══ Records supplied

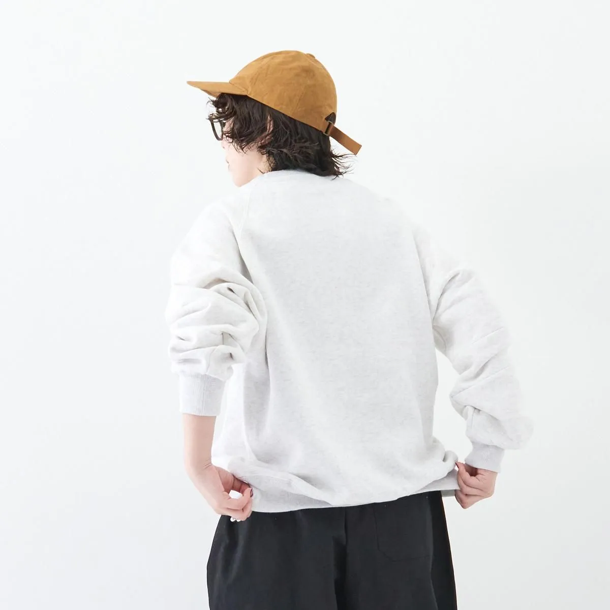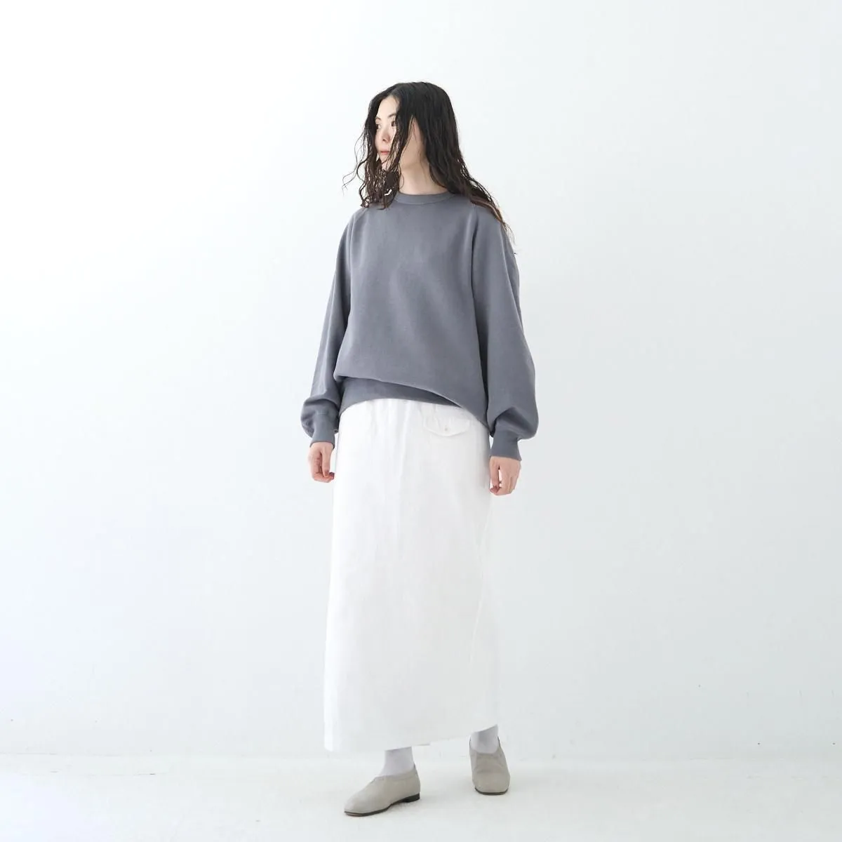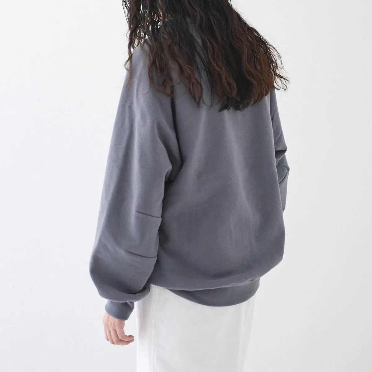 ゴーシュのバランス感覚が冴えるスウェット。着用した際のボリュームの差引が絶妙で、アームホールの深さや、袖の立体的な丸みのあるパターン、裾リブの長さなど、シルエットの美しさにこだわりが詰まっています。 ふっくらとした独特のニット生地を生み出す「吊編み機」で時間をかけて編まれた裏起毛のスウェット素材は、とにかく軽量でふんわりした手触りが特徴。裏地の起毛が少し表側に出る製法により、ほんのりとネップ感が残り、表情のある素材に仕上がっています。一枚で様になる優秀なスウェットです。 25AW size:2(one size) 着丈72cm/身幅61cm/裄丈84.5cm ※サイズ計測の多少の誤差はご了承下さい。 color:グレー/ホワイト(グレーが所々に入った杢グレーです)/ブラック material:コットン100% model:168cm(グレー) 160cm(ホワイト) 取り扱い店舗・・・dieci kyutaro店 2F -------------------------------------------------------- ゴーシュ 普遍的な新しさをテーマに、カッティングやテキスタイルにこだわり、シンプルながらこだわりを感じることが出来る、飽きの来ない衣服を生み出すブランド。日常に寄り添う着心地の良さ、凛とした静かな美しさを追求しています。 size_chart
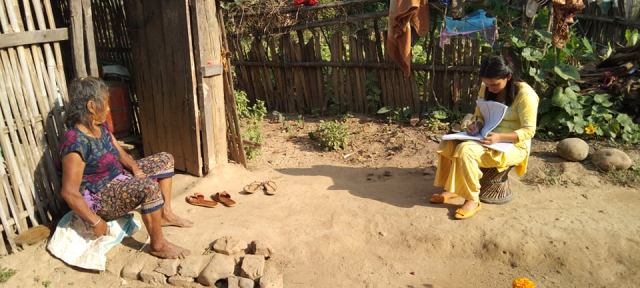 १२ औं राष्ट्रिय जनगणनामा कटारी ३ मा गणना गर्दै गणक सुमित्रा कार्की । तस्बिर/ ऋषि राई
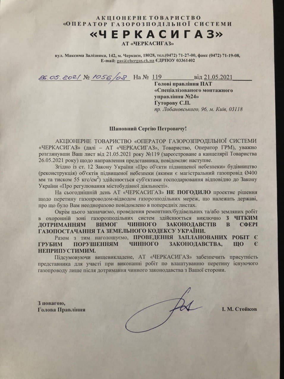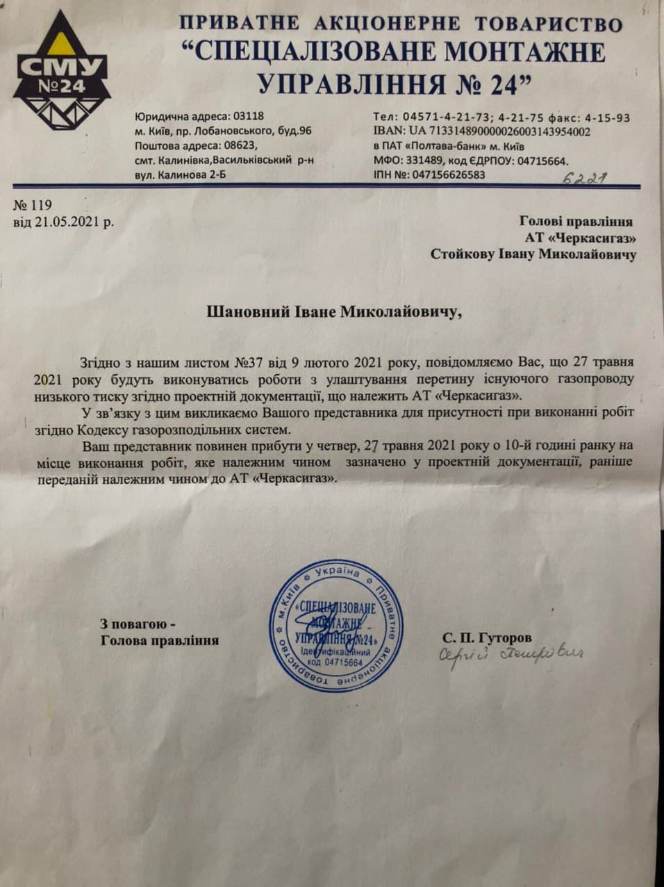 Днями керівництво АТ «Черкасигаз» отримало листа від київської компанії «Спеціалізоване монтажне управління №24», в якому йдеться про намір з 27 травня виконати роботи з улаштування перетину існуючого газопроводу низького тиску згідно з проектною документацією, яка належить «Черкасигаз». Проте на підприємстві стверджують, що жодних дозволів для цих робіт нікому не видавали.
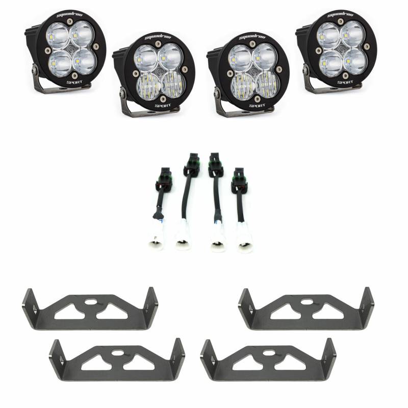 Squadron-R Sport Headlight Kit The days of rushing back to camp before the sun goes down are over thanks to Baja Designs plug and play Yamaha YXZ Headlight Kit. Producing an impressive 7,200 lumens from a total of 4 Squadron-R Sport auxiliary lights, this kit will provide enough light for every type of terrain your Yamaha YXZ will encounter. The kit is completely plug and play, and retains the stock high/low functionality.
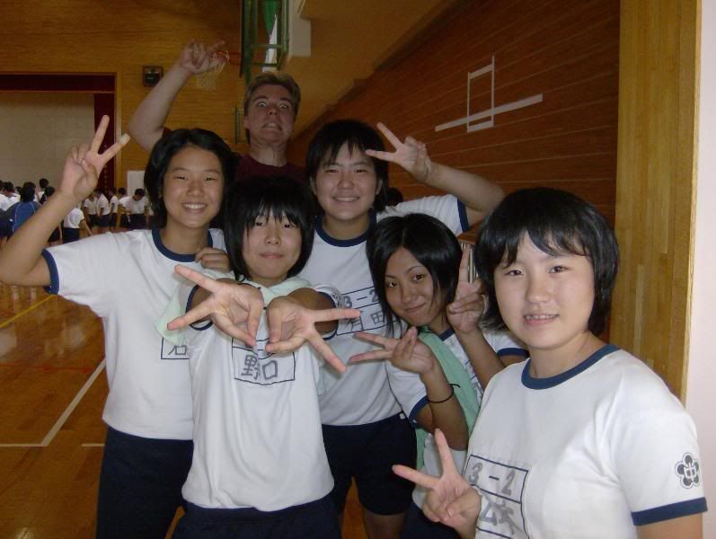 De school voelde echt veel gezelliger aan dan de gemiddelde Nederlandse school. Het complex was zeg maar een groot vierkant, maar dan met een groot zandveld in het midden waar je kon sporten. Als eerste was er een openingsceremonie in de gymzaal, waar we binnenkwamen en vervolgens begonnen alle Japannertjes (van rond de 14 tot 16 jaar) te klappen. We mochten ook meteen met z'n negenen voor al die Japanners gaan zitten (102 in totaal geloof ik), waarna we ons moesten voorstellen, en de leerlingen ons vragen gingen stellen (waaronder of we een vriendje (aan de meisjes natuurlijk, duh :P) dan wel vriendinnetje hadden, wat best wel brutaal is voor een Japanner die je net ontmoet hebt geloof ik :P).
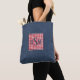 Trendy dark denim print shoulder tote bag with a red and white gingham check framed monogram square. Easily change the dark blue initials and minimalist quote on back using the Template provided. Dimensions are 16" x 16" with a 28" black strap; an 18" bag is also offered. The exterior is 100% sturdy brushed polyester; interior is 100% polyester nonwoven laminate. Printed and then sewn for edge-to-edge designs. See "About" for additional information and care. Made in the USA.

════

_What to produce_
Print all the lines above again exactly, without any pictures.

_Answer to this exercise_
 ゴーシュのバランス感覚が冴えるスウェット。着用した際のボリュームの差引が絶妙で、アームホールの深さや、袖の立体的な丸みのあるパターン、裾リブの長さなど、シルエットの美しさにこだわりが詰まっています。 ふっくらとした独特のニット生地を生み出す「吊編み機」で時間をかけて編まれた裏起毛のスウェット素材は、とにかく軽量でふんわりした手触りが特徴。裏地の起毛が少し表側に出る製法により、ほんのりとネップ感が残り、表情のある素材に仕上がっています。一枚で様になる優秀なスウェットです。 25AW size:2(one size) 着丈72cm/身幅61cm/裄丈84.5cm ※サイズ計測の多少の誤差はご了承下さい。 color:グレー/ホワイト(グレーが所々に入った杢グレーです)/ブラック material:コットン100% model:168cm(グレー) 160cm(ホワイト) 取り扱い店舗・・・dieci kyutaro店 2F -------------------------------------------------------- ゴーシュ 普遍的な新しさをテーマに、カッティングやテキスタイルにこだわり、シンプルながらこだわりを感じることが出来る、飽きの来ない衣服を生み出すブランド。日常に寄り添う着心地の良さ、凛とした静かな美しさを追求しています。 size_chart
 १२ औं राष्ट्रिय जनगणनामा कटारी ३ मा गणना गर्दै गणक सुमित्रा कार्की । तस्बिर/ ऋषि राई
 Днями керівництво АТ «Черкасигаз» отримало листа від київської компанії «Спеціалізоване монтажне управління №24», в якому йдеться про намір з 27 травня виконати роботи з улаштування перетину існуючого газопроводу низького тиску згідно з проектною документацією, яка належить «Черкасигаз». Проте на підприємстві стверджують, що жодних дозволів для цих робіт нікому не видавали.
 Squadron-R Sport Headlight Kit The days of rushing back to camp before the sun goes down are over thanks to Baja Designs plug and play Yamaha YXZ Headlight Kit. Producing an impressive 7,200 lumens from a total of 4 Squadron-R Sport auxiliary lights, this kit will provide enough light for every type of terrain your Yamaha YXZ will encounter. The kit is completely plug and play, and retains the stock high/low functionality.
 De school voelde echt veel gezelliger aan dan de gemiddelde Nederlandse school. Het complex was zeg maar een groot vierkant, maar dan met een groot zandveld in het midden waar je kon sporten. Als eerste was er een openingsceremonie in de gymzaal, waar we binnenkwamen en vervolgens begonnen alle Japannertjes (van rond de 14 tot 16 jaar) te klappen. We mochten ook meteen met z'n negenen voor al die Japanners gaan zitten (102 in totaal geloof ik), waarna we ons moesten voorstellen, en de leerlingen ons vragen gingen stellen (waaronder of we een vriendje (aan de meisjes natuurlijk, duh :P) dan wel vriendinnetje hadden, wat best wel brutaal is voor een Japanner die je net ontmoet hebt geloof ik :P).
 Trendy dark denim print shoulder tote bag with a red and white gingham check framed monogram square. Easily change the dark blue initials and minimalist quote on back using the Template provided. Dimensions are 16" x 16" with a 28" black strap; an 18" bag is also offered. The exterior is 100% sturdy brushed polyester; interior is 100% polyester nonwoven laminate. Printed and then sewn for edge-to-edge designs. See "About" for additional information and care. Made in the USA.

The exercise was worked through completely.